This is a line-by-line code explanation of freeCodeCamp’s Replace Loops using Recursion module in their Basic JavaScript section.

As of today, Wednesday June 3rd, 2020, this is what the code challenge looks like:

```
function sum(arr, n) {
// Only change code below this line
// Only change code above this line
}
```

After reading through the directions, I still had trouble solving the problem in code so I used the ‘Get Help’ button to Watch a Video (it’s actually an article on explaining recursion) and look at the Get a Hint page for a better understanding.

Still, after spending around 2 hours going between reading the article and looking over the solution, I couldn’t quite figure out the whole recursion concept.

So, I searched YouTube in hopes that someone could explain it in a way that clicked for me. That’s when I found Colt Steele’s video: Recursion Crash Course.

The key words he used to explain recursion that clicked for me was that the recursive case is basically *waiting in line* to be solved before the function could return a value.

So, the way I understand recursive functions is that a recursive call will be executed until it meets the base case. Then, since all previous calls were solved, the function can return a value.

```
function sum(arr, n) {
if (n <= 0) {
return 0;
} else {
return sum(arr, n - 1) + arr[n - 1];
}
}
```

The above code is the solution.

In order to understand this solution better, I had to figure out the correct way to write out the recursive call. Building a solid JavaScript foundation in important to me, so I'm making it a point to not move on until I truly understand how every line of code works.

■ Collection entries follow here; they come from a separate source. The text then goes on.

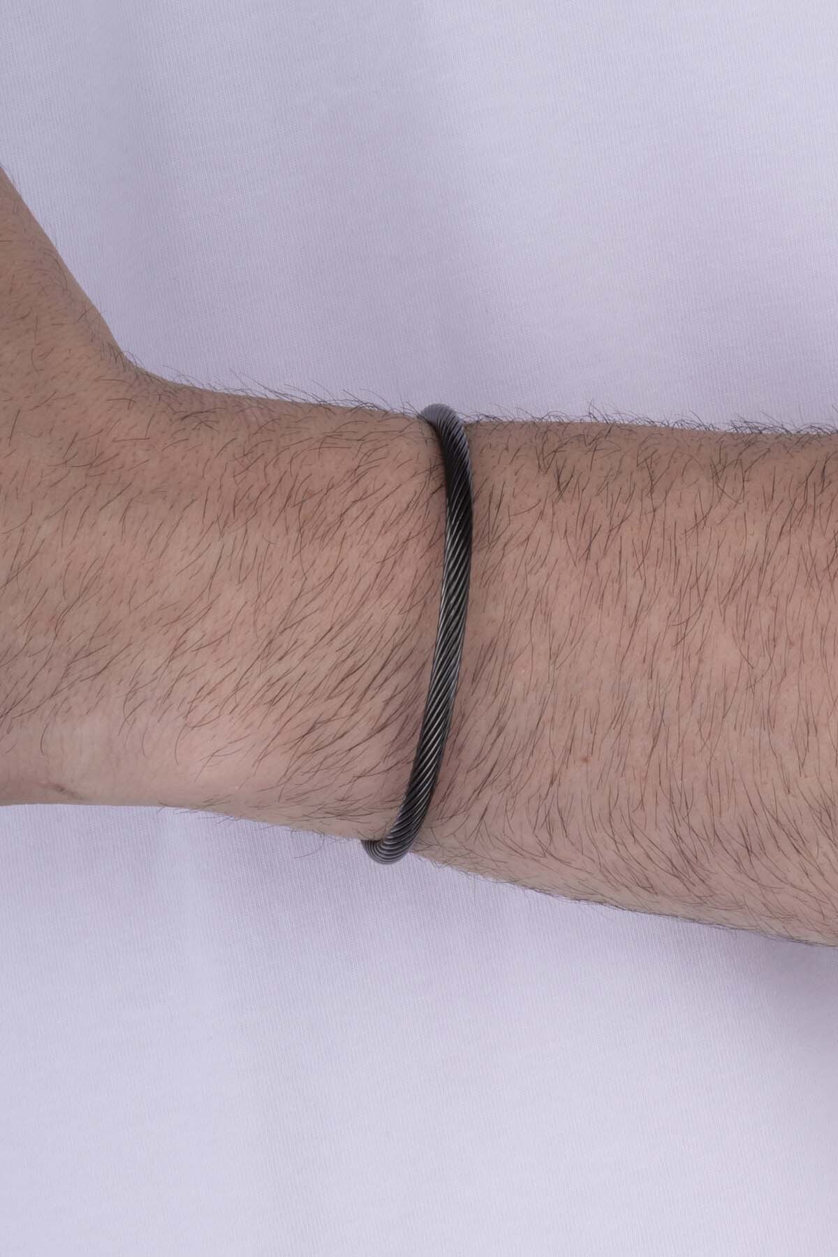 Örgü Model Siyah Çelik Erkek Kelepçe Bileklik - 3
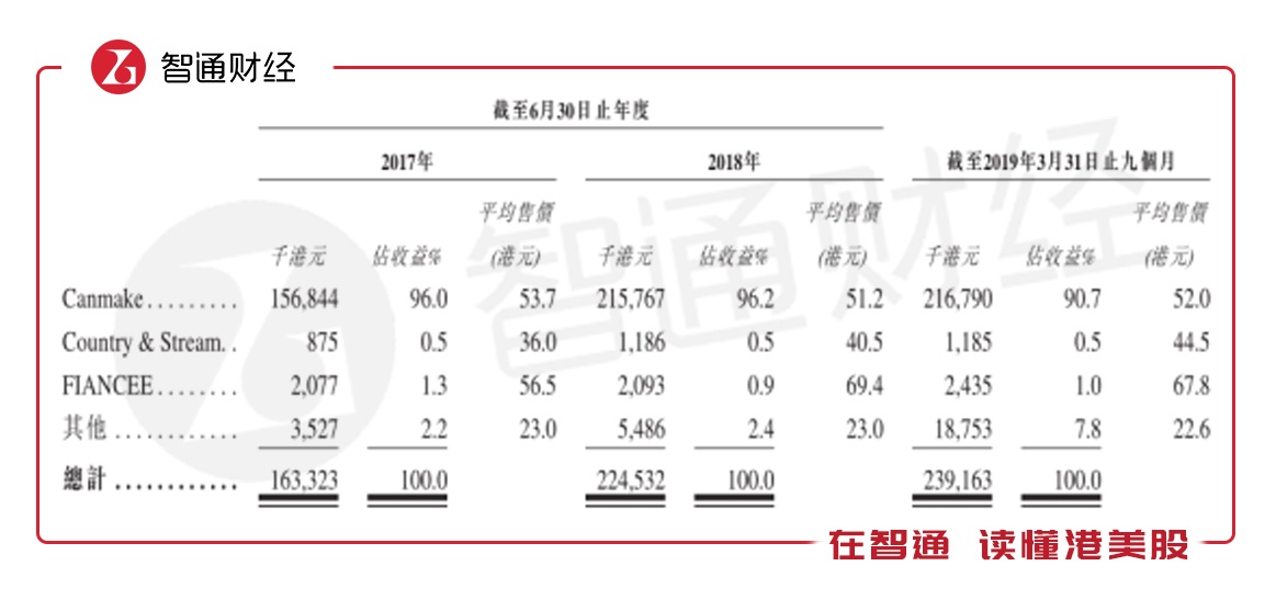 就公司目前所经营品牌来看,其销售产品主要来自四家供应商,分别来自两家香港公司、一家日本公司及一家韩国公司。其中,日本供应商IDA集团为公司最主要供应商,截至2019年3月31日,公司对IDA集团的采购金额占比高达86.2%。从公司按品牌划分的收入来看,由IDA集团提供的Canmake产品在2018财年为公司贡献了96.2%的收入。
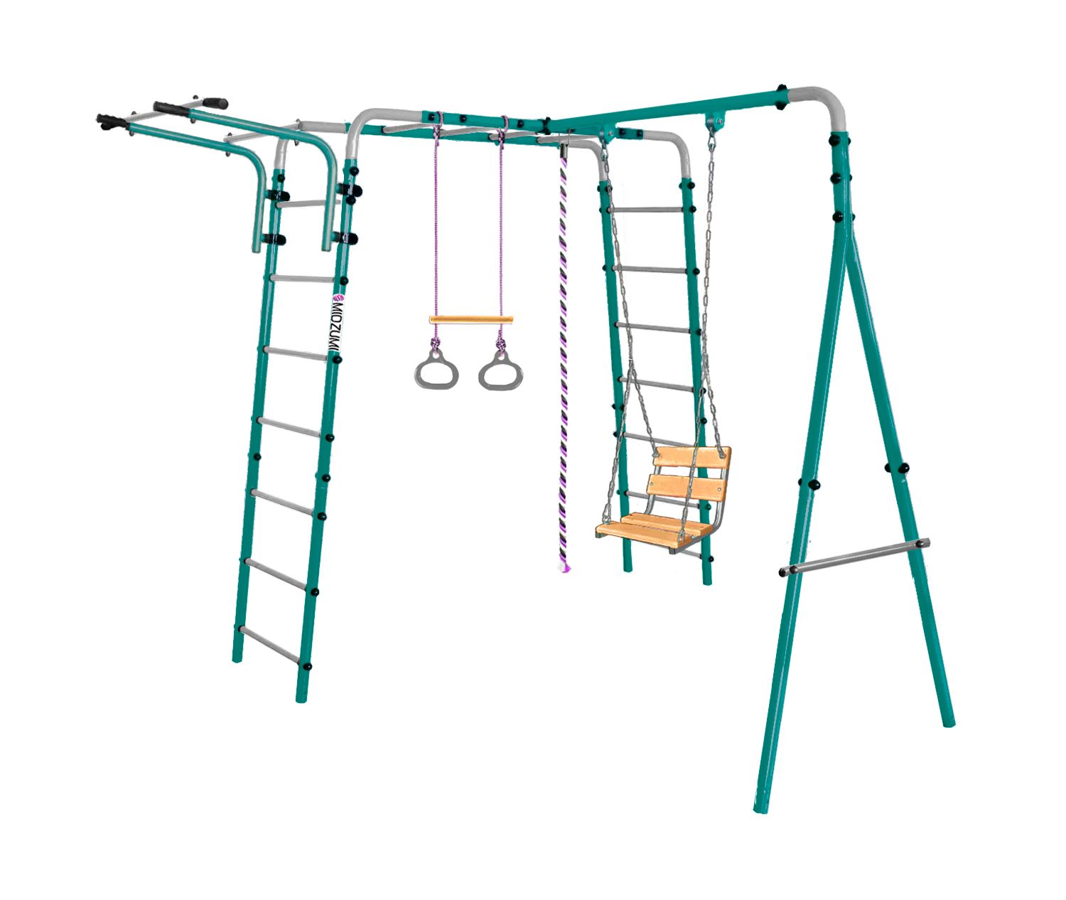 — Комплектация: каркас из металлических лестниц с рукоходом, турник, цепные качели со спинкой, канат, кольца с перекладиной.
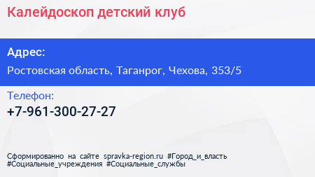 Калейдоскоп, детский клуб по адресу Ростовская область, Таганрог, Чехова, 353/5 в дальнейшем Организация, размещена в следующих категориях:
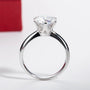 The prong setting securely holds the moissanite while enhancing its natural brilliance.
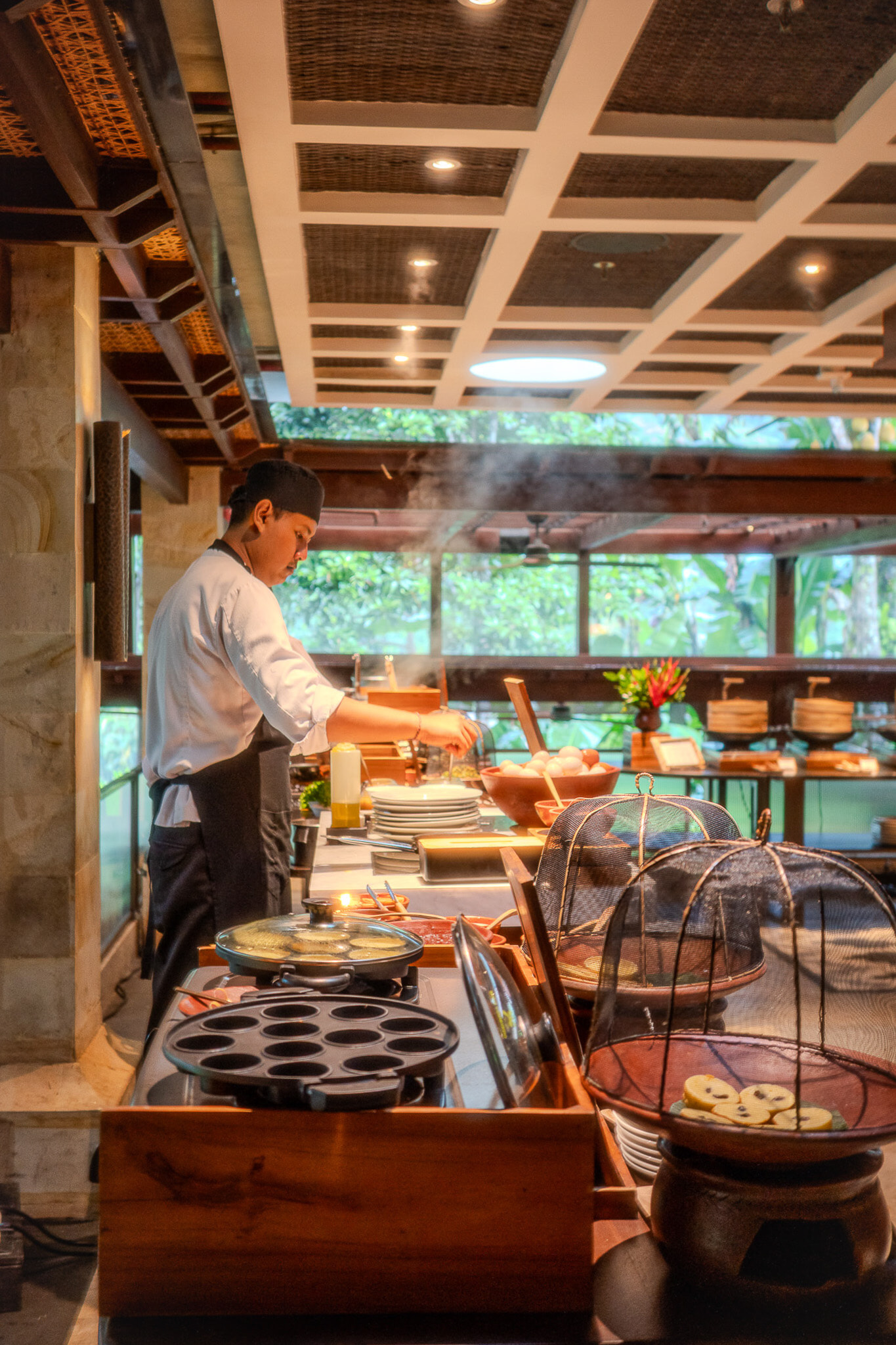 モーニングは「サワ テラス」で、アユン川を望む開放的な空間の朝食ビュッフェを。焼きたてのロティやバリ風パンケーキ、搾りたてジュース──新鮮な香りに包まれて一日が始まる。夜にはバリ舞踊の鑑賞もでき、食事とともに文化に浸れるのも魅力だ。
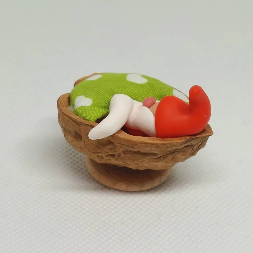 Wichtel im Walnussbettchen zum hinstellen
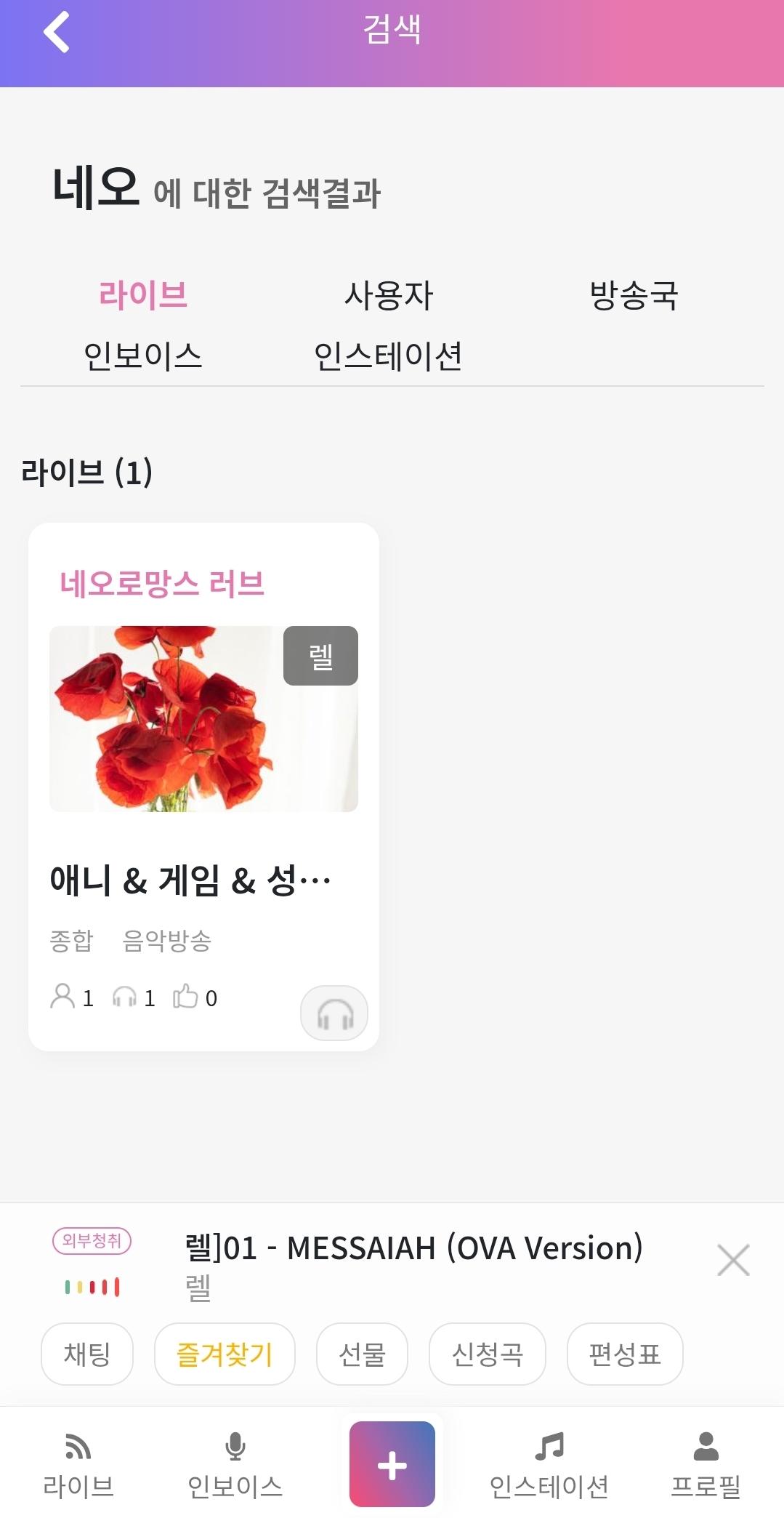 주력은 추억의 애니,게임 음악 등. 앱 상에 검색해서 (검색어 : 네오) 나온 방송 헤더 헤드폰 모양 누르면 음악 나옵니다.
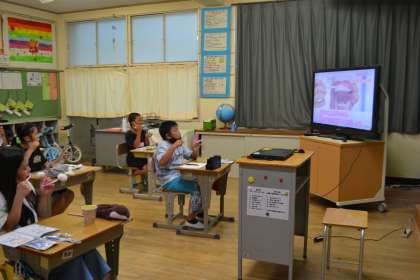 歯磨きの正しい方法を再確認しただけでなく、デンタルフロスの使い方を楽しく学ぶことができました。学んだ内容を、夏休み前に、1〜4年生に報告する予定です。

## Recursive Case Written Out Line-by-Line

In this example we’ll create an array called arr with values 1 through 5. We'll also create and initialize a variable n to equal 3.

```
var arr = [1, 2, 3, 4, 5];
var n = 3;
```

Now, let's plug this information into our recursive case.

```
// Recursive case
else {
return sum(arr, n - 1) + arr[n - 1];
}
```

Since variable n is not equal to 3, we'll plug it into the recursive case and keep solving until we hit our base case.

```
// Factor in n = 3 to solve
sum(arr, 3 - 1) + arr[3 - 1];
sum(arr, 2) + arr[2];
sum(arr, 2) + 3;
```

Now, our new value of n = 2 from solving our first recursive statement. Also, note that arr[2] equals 3 because the value 3 is at index position 2 of our array.

Moving on...

```
// Factor in n = 2 to solve
sum(arr, 2 - 1) + arr[2 - 1];
sum(arr, 1) + arr[1];
sum(arr, 1) + 2;
```

Now, our new value of n = 1 from solving our second recursive statement. Also, note that arr[1] equals 2 because the value 2 is at index position 1 of our array.

```
// Now, factor n = 1 to solve
sum(arr, 1 - 1) + arr[1 - 1];
sum(arr, 0) + arr[0];
sum(arr, 0) + 1;
```

In the last line you'll see that we hit our base case!

```
// Base case
if (n <= 0) {
return 0;
}
```

So, because our variable n is now equal to 0, we can return the value 0.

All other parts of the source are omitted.